It supports **both** ways LXD's own clients connect:
| Mode | Transport | Auth | Use when |
|--------|-----------------------------------|-------------------------------|-----------------------------------------|
| local | Unix socket (`unix.socket`) | implicit (socket access) | API runs on the LXD host / same pod |
| remote | HTTPS with **mutual TLS** | client cert + key (trust add) | API runs elsewhere; `lxc remote add` |
> This API's own client auth (JWT) is **separate** from LXD's mTLS auth, which
> is used only for the API-to-LXD connection.
---
## Features
- **Versioned API** — everything under `/api/v1`; `/health` stays unversioned.
- **Instances** — CRUD, start/stop/restart/freeze/unfreeze, exec & console over
WebSocket, state (CPU/mem/IPs), logs, snapshots, backups (with tarball export).
- **Storage** — pools + volumes CRUD, resize, attach/detach volumes to instances.

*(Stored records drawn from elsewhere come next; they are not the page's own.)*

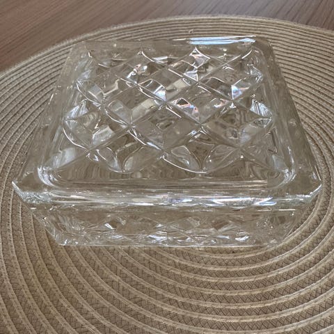 Pyöreä, painava, mutta silti siro kannellinen rasia, joka mielestäni on kristallia ja fasettihiottu.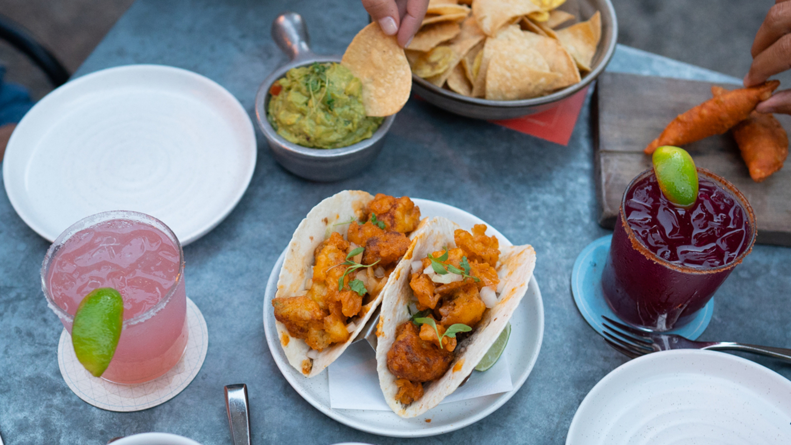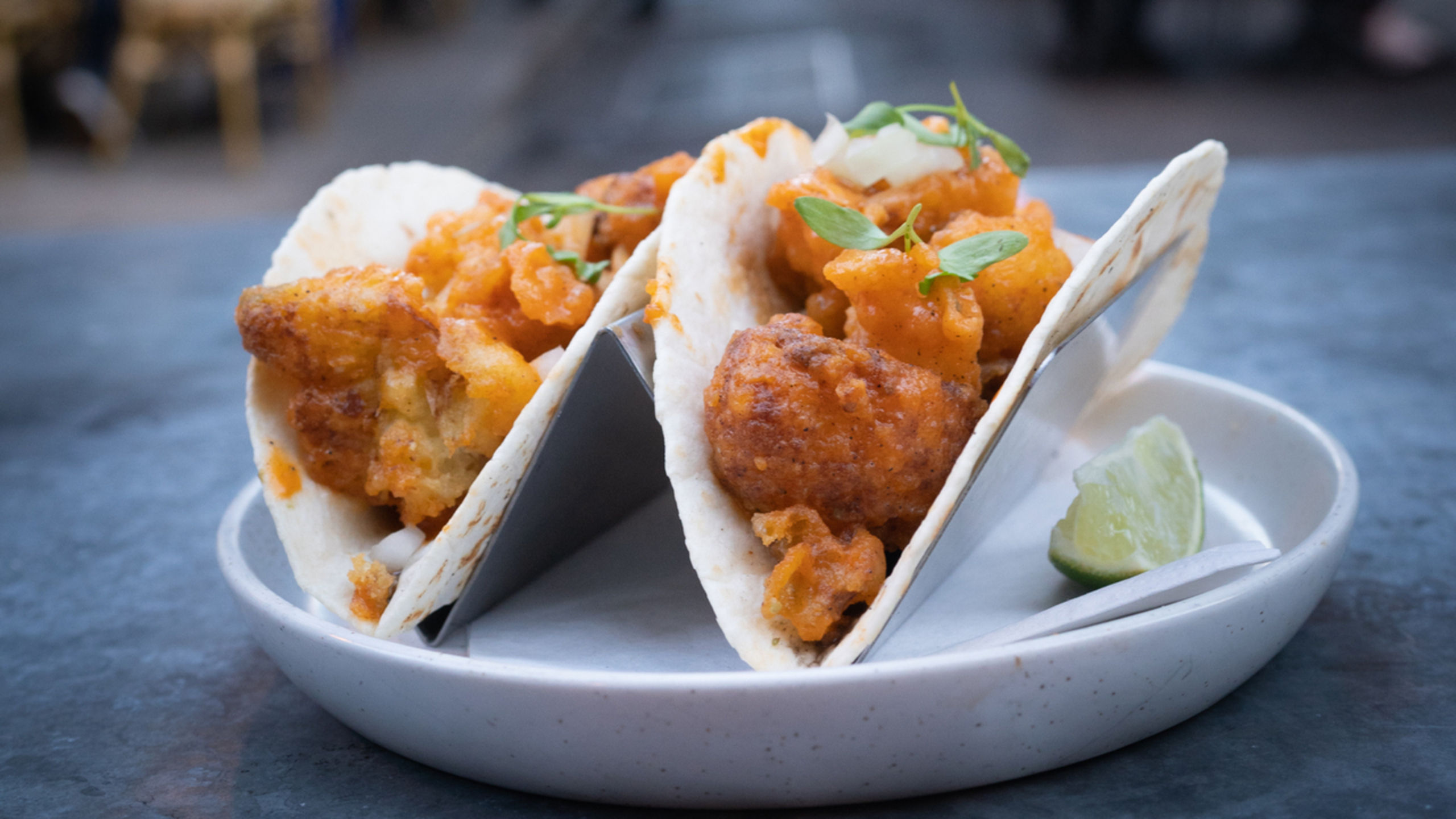 To make the tacos, warm the tortillas on a griddle or in a skillet. Then place a tortilla on a plate. Top it with some of the avocado, black beans, green goddess sauce, buffalo cauliflower, and, if using, the onion, micro cilantro, and a squeeze of lime juice. Repeat to make 8 tacos.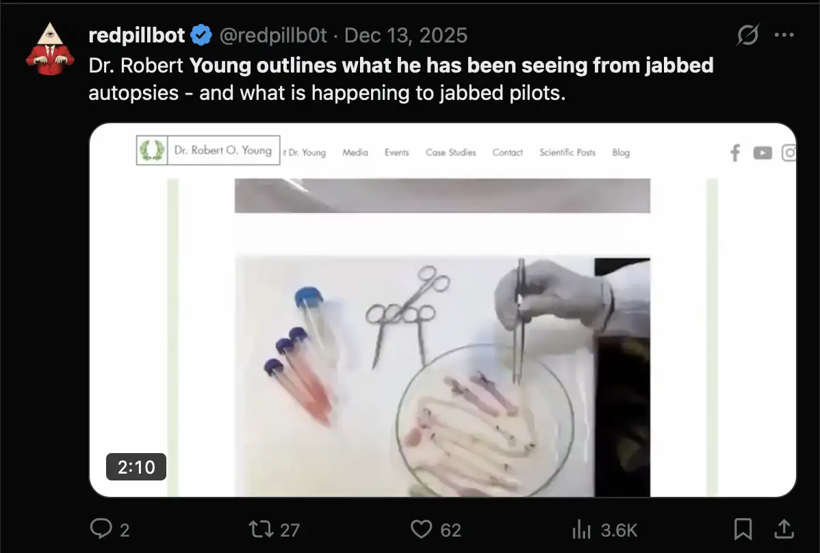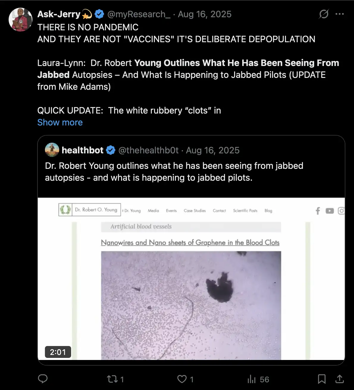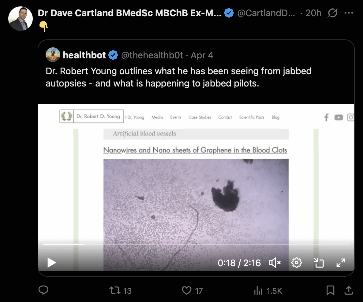 I only included people in my table who are supposed to have personally seen the clots in the body of a dead or living person, so my table is missing people who claim to have seen the clots when they analyzed the clots in a lab, who include Mike Adams, Ana Maria Mihalcea, Clifford Carnicom, Zandre Botha, Arne Burkhardt, Greg Harrison, Kevin McCairn, David Hunt, and Kevin McKernan. Ryan Cole is the only person I know who is supposed to have both analyzed the clots in a lab and to have personally seen the clots in the body of a human.

- **Networks** — CRUD, state/leases, NIC attach/detach.
- **Projects** — CRUD + per-request project scoping (`?project=`).

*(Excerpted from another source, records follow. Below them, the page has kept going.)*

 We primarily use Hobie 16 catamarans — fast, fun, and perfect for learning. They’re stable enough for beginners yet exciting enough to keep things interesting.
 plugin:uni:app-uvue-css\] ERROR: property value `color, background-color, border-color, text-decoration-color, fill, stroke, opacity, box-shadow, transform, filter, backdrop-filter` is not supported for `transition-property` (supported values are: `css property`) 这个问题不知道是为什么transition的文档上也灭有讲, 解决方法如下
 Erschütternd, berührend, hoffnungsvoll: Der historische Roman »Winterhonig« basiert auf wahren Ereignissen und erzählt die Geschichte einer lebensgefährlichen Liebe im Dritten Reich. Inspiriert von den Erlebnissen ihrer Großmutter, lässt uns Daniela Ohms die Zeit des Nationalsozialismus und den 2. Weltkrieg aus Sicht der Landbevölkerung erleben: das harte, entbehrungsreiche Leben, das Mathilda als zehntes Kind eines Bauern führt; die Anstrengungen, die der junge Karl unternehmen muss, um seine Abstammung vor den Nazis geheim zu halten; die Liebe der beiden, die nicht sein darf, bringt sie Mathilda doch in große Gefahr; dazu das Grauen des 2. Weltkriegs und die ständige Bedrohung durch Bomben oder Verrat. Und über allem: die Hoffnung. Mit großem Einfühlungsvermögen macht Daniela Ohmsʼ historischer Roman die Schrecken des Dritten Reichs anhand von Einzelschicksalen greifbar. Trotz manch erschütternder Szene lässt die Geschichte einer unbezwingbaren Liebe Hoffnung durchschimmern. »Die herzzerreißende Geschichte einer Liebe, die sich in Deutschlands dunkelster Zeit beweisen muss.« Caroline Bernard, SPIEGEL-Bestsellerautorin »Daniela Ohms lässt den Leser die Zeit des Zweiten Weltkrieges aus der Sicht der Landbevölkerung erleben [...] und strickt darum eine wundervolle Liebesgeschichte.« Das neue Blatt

- **Images** — list/get/delete, copy from remote image servers (`ubuntu:`, `images:`).
- **Async operations** — list/get/wait/cancel + a WebSocket relay of LXD's event stream.
- **JWT auth + RBAC** — `admin` > `operator` > `viewer` role hierarchy.
- **Resilience** — structured JSON logging, request IDs, global error handler,
CORS, rate-limited auth endpoints, deep `/health` that checks LXD connectivity.
---
## Quick start (Docker)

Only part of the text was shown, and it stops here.